Inside Mahler's composing hut (video)


Gustav Mahler had three composing huts, as architect Keith Clarke describes in his groundbreaking study, Mahler’s Heavenly Retreats. Mahler had a particular aversion to noise – including birdsong, the barking of his architect’s dog, and the performances of nearby military bands – but also demanded that the servant who brought him his breakfast in one of his huts left via a route that meant Mahler would not see her so his train of thought would be undisturbed. “Mahler’s need for a place away from people and noise, for peace and quiet in which to compose his music, drove him to work away from his family,” says Clarke. “He arranged for the construction of workspaces, buildings built separately from his living quarters and constructed, one after another, in three different locations.
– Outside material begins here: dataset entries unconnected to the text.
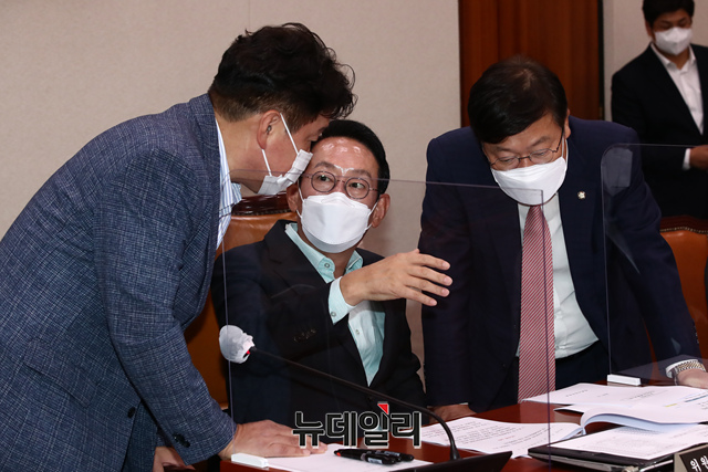 [포토] 대화 나누는 김도읍·기동민·정점식
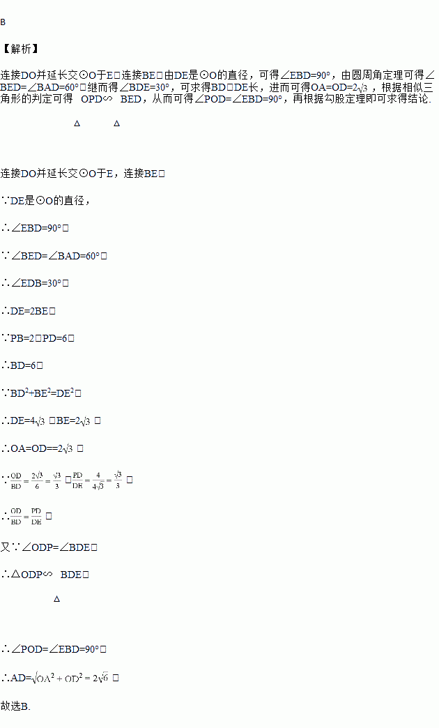 如图,△ABD内接于圆O,∠BAD=60°,AC为圆O的直径.AC交BD于P点且PB=2,PD=4,则AD的长为( )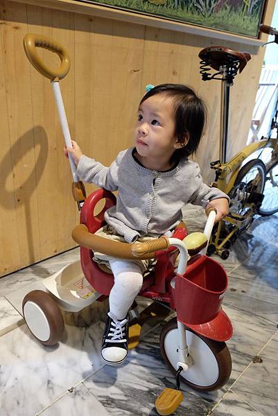 哈寶發現桌子下有一台三輪車...這可是iimo的第一代...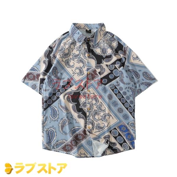 原宿系 レトロ プリント カジュアル 半袖 シャツ レディース メンズ ファッション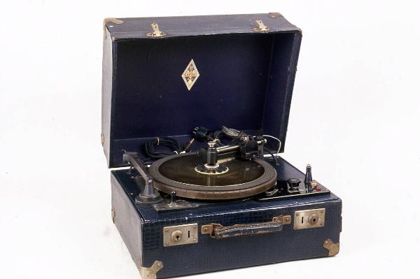 Grammofono incisore contenuto in una valigetta in legno, rivestita di finta pelle di colore blu. All'interno della base della valigetta sono situati il motore elettrico e i circuiti. Il piatto di incisione/riproduzione è posto sul piano superiore, alzabile. Accanto al piatto si trovano i comandi operativi del grammofono: alla sinistra è posto il commutatore della modalità riproduzione/incisione, mentre a destra sono situati il selettore a manopola del segnale in ingresso tra microfono e radio e due boccole per i collegamenti esterni. Sul piano inoltre sono collocati due diversi bracci: alla sinistra del piatto è posto il braccio per la riproduzione dei vinili, mentre alla destra è situato il braccio per l'incisione, sul quale è installata una senza fine che trascina il dispositivo incisore lungo il braccio; sul lato inferiore del braccio incisore è situata una spazzola per la rimozione dei residui dell'incisione. Dalla parte posteriore del piano escono i cavi elettrici per il collegamento alla corrente di alimentazione e al dispositivo di amplificazione. Il grammofono è accessoriato con dischi in vinile vergini, conservati all'interno della basa della valigetta.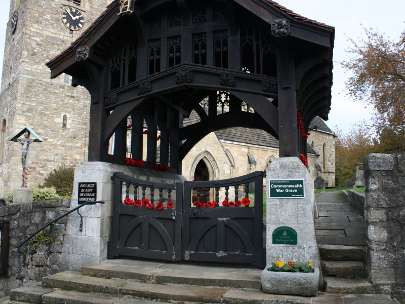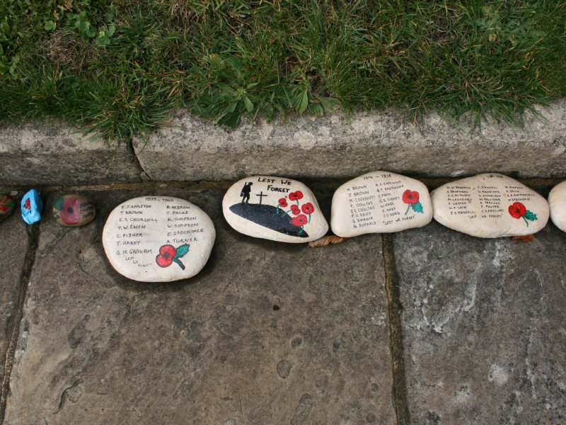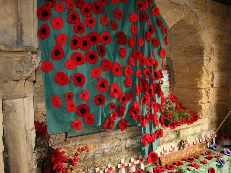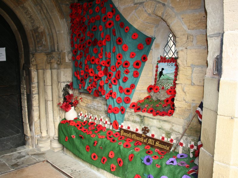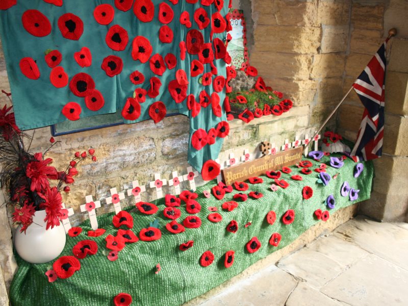 1. - 27. All Saints' Church decorated for Armistice Day - The congregation walks down to the village square for the second service around the War Memorial.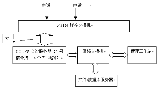 系統(tǒng)主要由網(wǎng)絡(luò)、數(shù)據(jù)庫服務(wù)器(DBS)、會(huì)議服務(wù)器(CONFS)、管理工作站幾個(gè)部分組成。數(shù)據(jù)庫服務(wù)器主要負(fù)責(zé)數(shù)據(jù)的存儲,而CONFS完成電話話路的接入與會(huì)議控制,彼此之間相輔相承。如圖所示: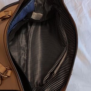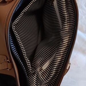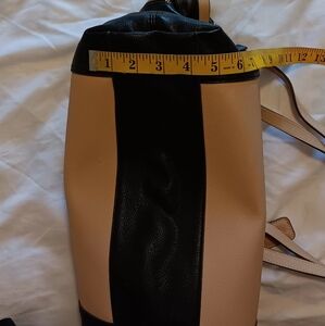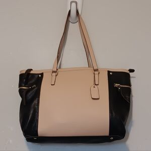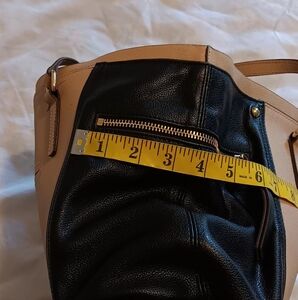 This stylish tote bag features a sophisticated black and beige design, perfect for any occasion. Its spacious interior and chic look make it a must-have accessory and with zippered side pockets and several compartments inside.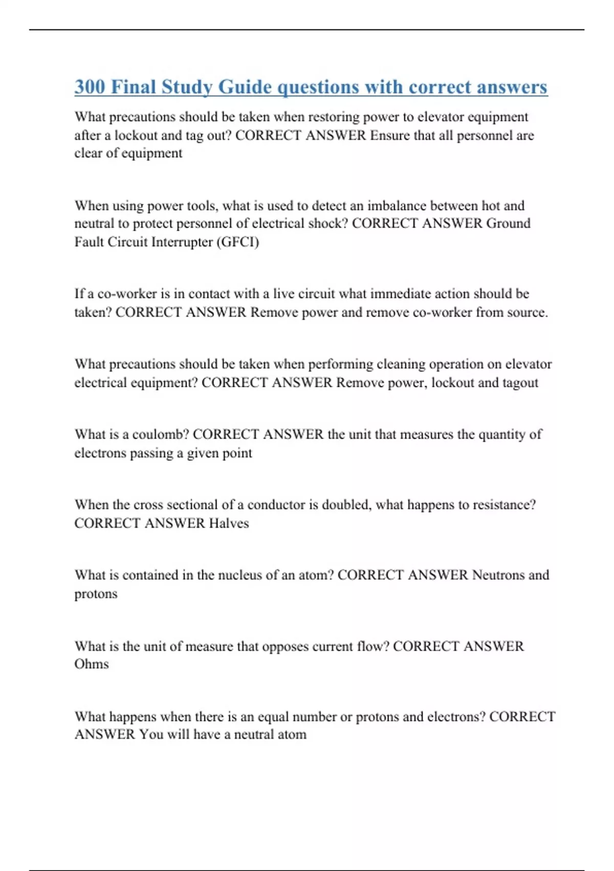 What precautions should be taken when restoring power to elevator equipment after a lockout and tag out? CORRECT ANSWER Ensure that all personnel are clear of equipment When using power tools, what is used to detect an imbalance between hot and neutral to protect personnel of electrical shock? CORRECT ANSWER Ground Fault Circuit Interrupter (GFCI) If a co-worker is in contact with a live circuit what immediate action should be taken? CORRECT ANSWER Remove power and remove co-worker from source. What precautions should be taken when performing cleaning operation on elevator electrical equipment? CORRECT ANSWER Remove power, lockout and tagout What is a coulomb? CORRECT ANSWER the unit that measures the quantity of electrons passing a given point When the cross sectional of a conductor is doubled, what happens to resistance? CORRECT ANSWER Halves What is contained in the nucleus of an atom? CORRECT ANSWER Neutrons and protons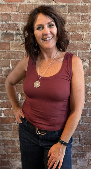 LaMade New You Rib Tank S21209 is a sleek, versatile ribbed tank top designed for effortless everyday wear. It features a fitted, slightly cropped cut that hits near the top of high-waisted jeans — offering a flattering silhouette that works well both tucked or untucked. The material is a soft knit blend of 95% modal and 5% spandex, giving it a smooth, stretchy feel that drapes gently over the body while retaining shape. The ribbed texture adds a subtle linear pattern, lending a bit of structure and visual interest to an otherwise minimal piece. Finally, the tank embodies a minimalist, clean style — easy to pair with casual outfits or layer under jackets and sweaters — making it a wardrobe staple for both relaxed and polished looks.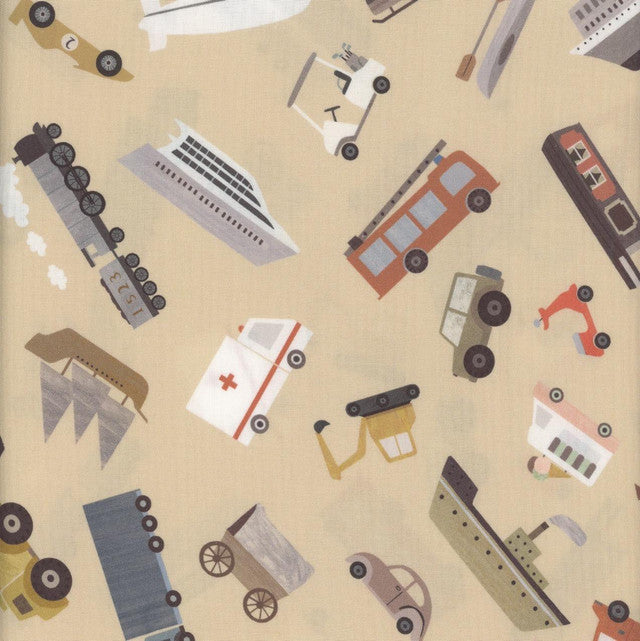This fabric showcases an array of transportation-themed illustrations, featuring planes, trains, and automobiles, scattered across a soft beige background.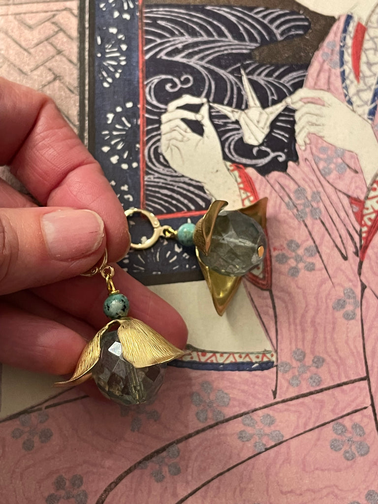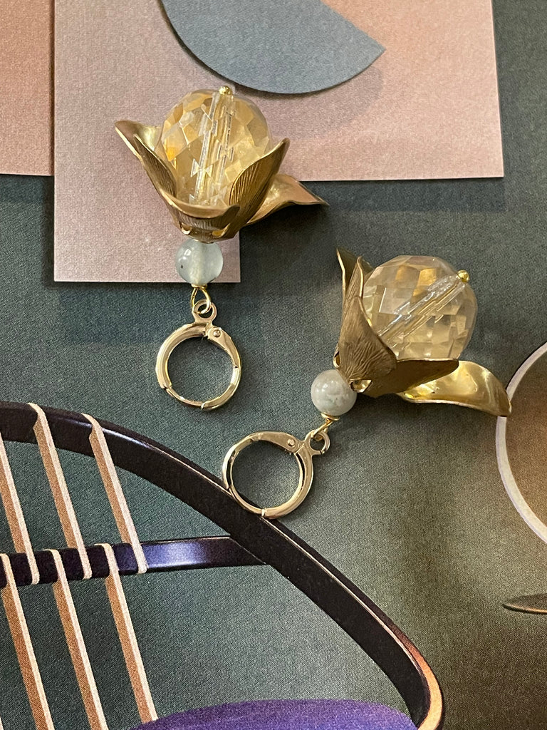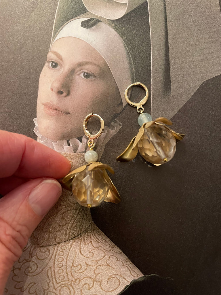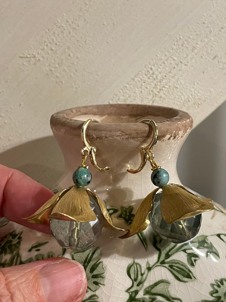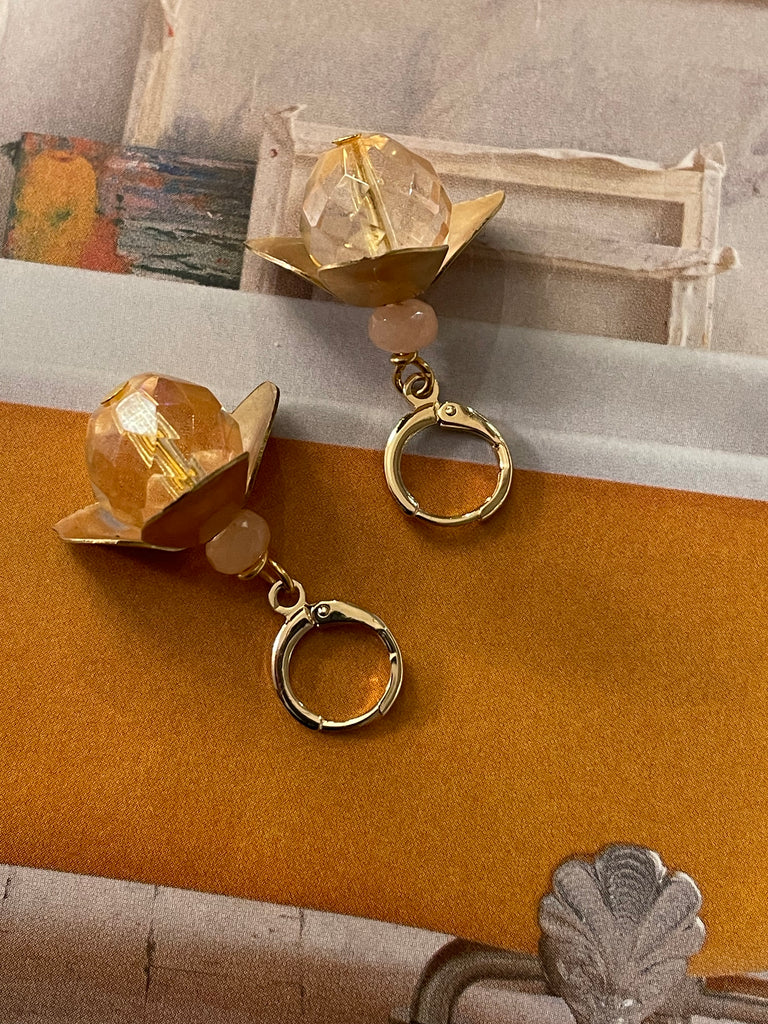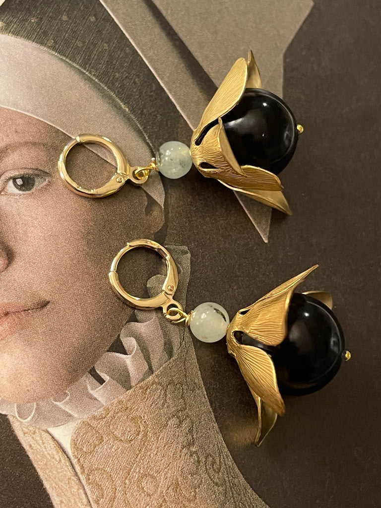 Orecchini corti e compatti ma di grandissimo effetto grazie a questo grande fiore in ottone anticato, i cui petali si aprono su grandi perle di cristallo o resina. Misurano circa 3/4 cm e sono rigorosamente anallergici.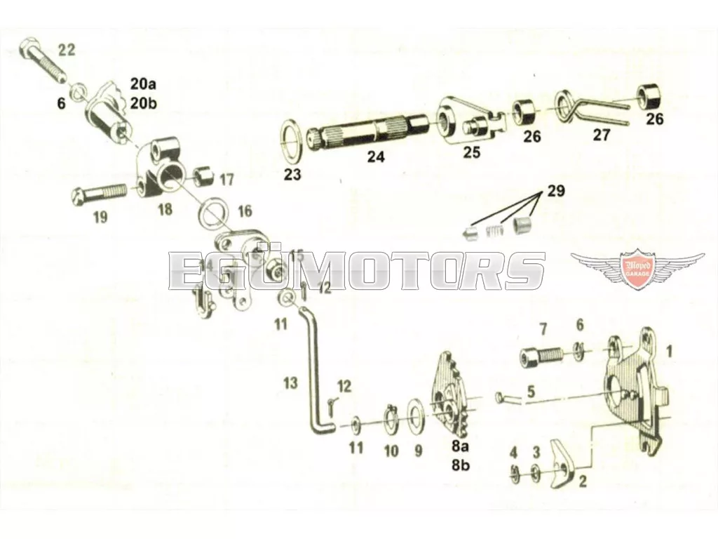 Kilincs Sachs 50/3 és 50/4 motorokhoz, 3- és 4-sebességes lábváltós kivitelhez, típusok: KFS, LFS, LKH, LKS, LFH, EKF.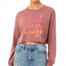 Use our battle tested marketing materials for Live Laugh Love Cropped Long Sleeve T-Shirt - Cute Design Women's T-Shirt - Printed Long Sleeve Tee

They were created for him alone and visitors were not generally welcome.”

Mahler had composing huts at Steinbach (where the video above is shot), not far from Salzburg, where he wrote part of his second and all of his third symphony; Maernigg in southern Austria (symphonies four to eight); and Dobbiaco on the border of Italy and Austria (Das Lied von der Erde, his ninth symphony and sketches for the tenth). “Mahler’s Third, his Nature Symphony, is a celebration of the natural world in all its forms, its beauty, serenity and power, its comic and grotesque,” says Clarke. “The heavenly retreat at Steinbach, perhaps like no other, perfectly served Mahler’s needs. It was a laboratory for his art.” Director Ken Russell also made use of Mahler’s huts in his film on the great composer, including a scene where one of them gets burnt to a crisp.